Una niña pequeña –no podría tener más de 10 años- salió detrás de él y corrió para acercarse al cuerpo. Trató de levantarlo, sacudiéndolo para que volviera a la vida. Lo intentó de veras. Una de las primeras cosas que aprendes en el cuerpo es que, de algún modo, los cuerpos pesan millones de veces más muertos de lo que pesaban cuando estaban vivos. Es como tratar de levantar un saco de agua. Ella cayó de nuevo sobre él, y entonces se limitó a quedarse allí tendida, acariciándole el cabello con la mano.
Por todo alrededor, era caos y fuego de bláster. Otro soldado pedía ayuda. Volví la cabeza por un instante, y entonces fue cuando ella me disparó. No llegué a escuchar el disparo, pero sentí que todas mis entrañas se apartaban del punto de impacto en un nanosegundo. No tenía sentido mirarlo. Me había dado de lleno. Me limité a caer sobre mis rodillas –eso pasó por sí solo- y me quité el casco. Me sentí bien. La brisa en mi cara, los olores, visión periférica. Y aquí estamos. Me estoy muriendo.

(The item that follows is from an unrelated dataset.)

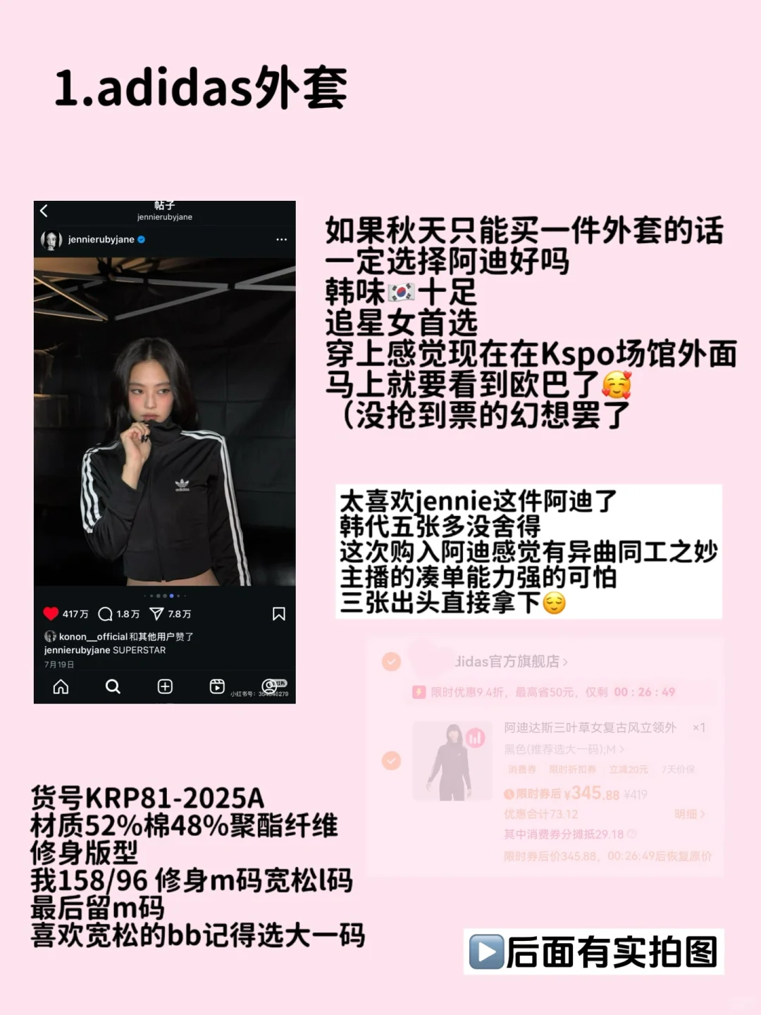 太喜欢jennie这件阿迪了韩代五张多没舍得

Ella sigue mirándome. De pie sobre el cadáver de su padre, con su escaso metro veinte de estatura. Ese rifle es casi tan largo como ella, pero lo sostiene con firmeza. Su padre le enseñó bien. No dispara. Sabe que estoy acabado, pero es más que eso. Reconozco esa mirada. Está sintiendo algo que aún no puede comprender. Lo sé porque yo lo sentí la noche que mi hermana murió. Está pasando justo delante de mí. Todo ese dolor, toda esa ira. Hace un momento, era demasiado para asumirlo, como un enjambre de lyleks contra el que no puedes luchar. Ya no luchaba. Se estaba dejando llevar. Parte de ella acababa de morir, pero lo que quedaba estaba más vivo que nunca. Tenía un propósito. ¡Ahí! Justo... ahora. Lo sabe. Crecerá para ser una rebelde. Va a matar soldados de asalto.
Me pregunto por qué estoy sonriendo. Apuesto a que ella también se lo está preguntando. ¿Qué es lo que siento? No es culpa. Debería serlo, pero no lo es. ¿Orgullo, tal vez? ¡Mírala! Es hermosa.
¿Cuándo comenzó? Para ella, hace un segundo. ¿Cuándo terminará? Ya voy, Xea.